In order to deepen the analysis and open up the information that is not readily available with mail questionnaires, we conducted site visits of 10 of the survey respondents’ homes. We selected homeowners because we assumed that they would have more control over landscaping decisions than renters, and hence provide a better window on attitudes and actions toward domestic landscape water use. We chose a relatively educated group (between community college attendance and a four-year degree) from the sample in order to test some possible relationships among education and resource usage. Also, willingness to participate was an important issue for this preliminary study as it is higher among the more educated. As an incentive to participate, all survey respondents who fit the criteria were contacted by mail and offered a $50 gift card for allowing researchers to view their landscape and conduct a two-hour interview. This recruitment process resulted in ten site visit participants.
The site visits involved contextual interviews during which two researchers visited the homeowner at home to discuss domestic landscape water use. On site, the researchers toured the homeowner’s yard with them, asking follow-up questions related to the original survey. The participants were given wide latitude in determining the direction of the interview (encouraging participants to provide their own narrative in discussing household water use and landscape development), but in the end, every participant was asked to respond to the same questions while showing the researchers the evidence, on the ground, of their reported behaviors. Questions posed during the site visit revolved around whether and how the landscape was planned, sources of information and advice, and criteria for deciding on plantings. On each site visit, the interviewers chose at least one planting for more detailed questions, focusing on water-intensive, drought-resistant and new plantings. For these detailed explorations, we asked each resident about fertilizer and pesticide use in regards to the planting, its water requirements and its value in attracting or repelling animals. A final set of questions probed the resident’s knowledge of and regard for municipal water use policies, including knowledge of impending metering.

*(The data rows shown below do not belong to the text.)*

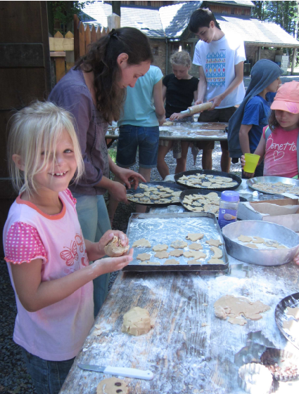
Atelier de pâtisserie lors du camp des familles

sur le mont Thabor lors de la transfiguration de Jésus. Pierre aussi venait de vivre quelque chose de fort. « Maître, il est bon que nous soyons ici ; dressons trois tentes... » (Lc 9,33).
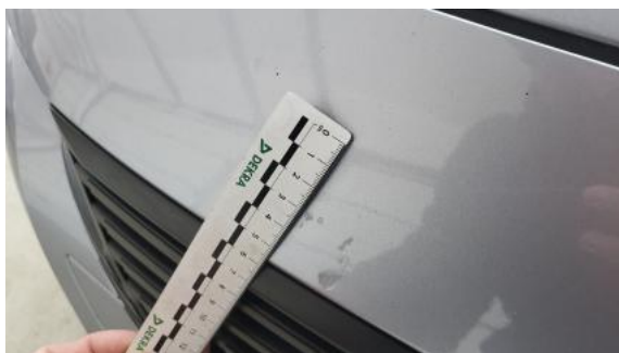
Fot. 37 Zderzak - Rysa/odprysk 1
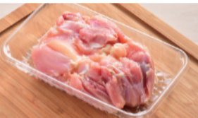
国産 鶏もも肉 (100g) ..... 100円 限定24kg
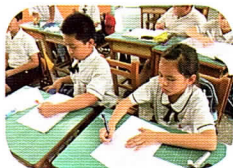
每課國語課後—生字賓果競賽
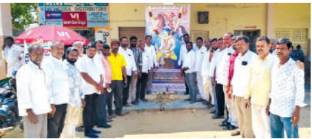
ఖిల్లాలో ఘనంగా సర్దార్ సర్వాయి పాపన్న గౌడ్ వర్గం వేడుకలు
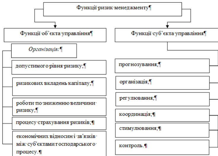
Рис. 1. Функції ризик-менеджменту в банківській установі

Отже, ризик-менеджмент являє собою систему управління ризиком та економічними, точніше, фінансовими відносинами, що виникають в процесі цього управління до основних особливостей ризик-менеджмент. Основними особливостями ризик-менеджменту є:
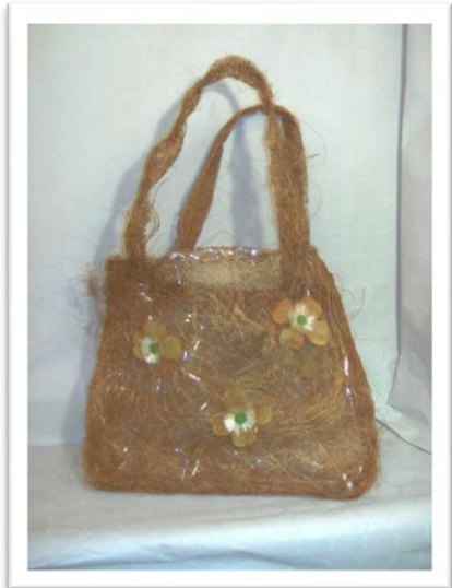
7 ème Prix
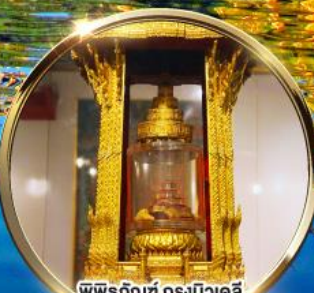
พิพิธภัณฑ์ กรุงนิวเดลี ถราบนมัสการพระบรมสารีริกธาตุ
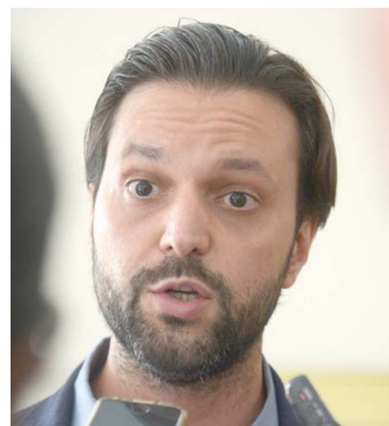
Tania Régio/Agência Brasil

Uma das possibilidades de filiação do ministro das Cidades, Alexandre Baldy, até abril, é que ela seja no PSD. A discussão estaria ocorrendo diretamente com o presidente nacional do partido, ministro Gilberto Kassab, e a direção estadual. Na hipótese de confirmação dessa filiação, Baldy (foto), em tese, poderia optar por disputar o governo estadual na eleição desse ano.
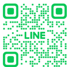
登録 QR コード
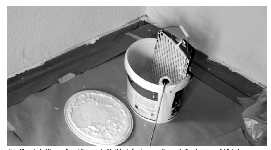
Viele Klauseln in Mietverträgen klingen sehr ähnlich. Außerdem unterliegen die Regelungen zu Schönheitsreparaturen einer sich ständig ändernden Rechtsprechung. Mieter/innen sollten deshalb bei Fragen immer eine Beratungsstelle aufsuchen und sich zu dem individuellen Problem anwaltlich beraten lassen.

Nachdem die Renovierungsklauseln in vielen Mietverträgen unwirksam waren, meinten die Vermieter, sie müssten höhere Mieten nehmen, indem sie die Zusatzkosten einkalkulierten. Einige Vermieter versuchten dies über einen gesonderten Zuschlag bei der Mieterhöhung durch Anpassung an die ortsübliche Vergleichsmiete nach dem Mietspiegel (§ 558 BGB). Dem BGH wurde ein solcher Fall zur Überprüfung vorgelegt. Die Richter entschieden, dass der Vermieter nicht berechtigt sei, im Rahmen einer Mieterhöhung nach § 558 BGB einen Zuschlag zur ortsüblichen Miete zu verlangen, wenn der Mietvertrag eine unwirksame Klausel zur Übertragung der Schönheitsreparaturen enthalte. Die Berechnung eines Zuschlags würde ein Kostenelement einführen, das im freifinanzierten Wohnungsbau nicht vorgesehen sei. Außerdem habe grundsätzlich der Verwender von Formularklauseln das Risiko der Unwirksamkeit zu tragen (BGH, Urteil vom 9. Juli 2008, Az: VIII 181/07).
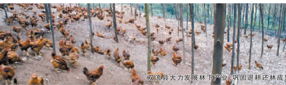
双流县大力发展林下产业,巩固退耕还林成果

郁郁葱葱的森林随风飘逸,随着2002年实施退耕还林工程以来,双流县共实施退耕还林3.2万亩,而如何依托这样的“绿色”发展后续产业,见到“绿色生金”的效益?近年来,林下养殖成为了双流县退耕还林后续产业发展的一剂“强心针”。通过林下发展鸡、兔等生态养殖业,让林农在短期内实现增收,向退耕林地要效益,巩固了退耕还林成果,双流县的林下养殖成为了全市推广的“样本经”。
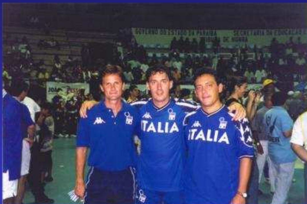
Campionati Mondiali Universitari di Calcio a 5 (JOAO PESSOA Agosto 2000)
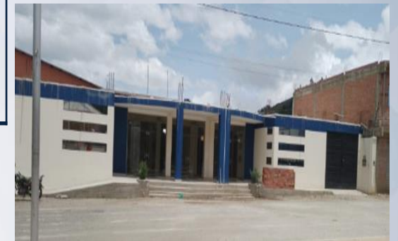
CONST. BIBLIOTECA CENTRAL AGUIRRE 1 (OBRA GRUESA Y FINA PLANTA BAJA)

If the resident employed a landscape service or had some other person caring for their yard or water system, the interviewers explored with them the division of labor between themselves and the other actor(s) with regard to water use and decisions about plantings. With the consent of the participants, the interview team took written notes and made an audio recording of each site visit. The written notes were the basis for the production of transcripts of the visits, together with site visit team observations. The audio recordings supplemented the written record in production of the transcripts. The interview transcripts were then coded for key attitudinal and behavioral variables (e.g., “awareness of metering”, “drought-resistant planting”) and the codes subjected to a simple frequency count followed by qualitative analysis of the context in which specific coded statements and behaviors took place. We performed all the analysis of the data without the aid of qualitative data analysis software and our analysis involved an emergent coding process, comparing interview data from each site visit, looking for patterns and themes that cut across the data.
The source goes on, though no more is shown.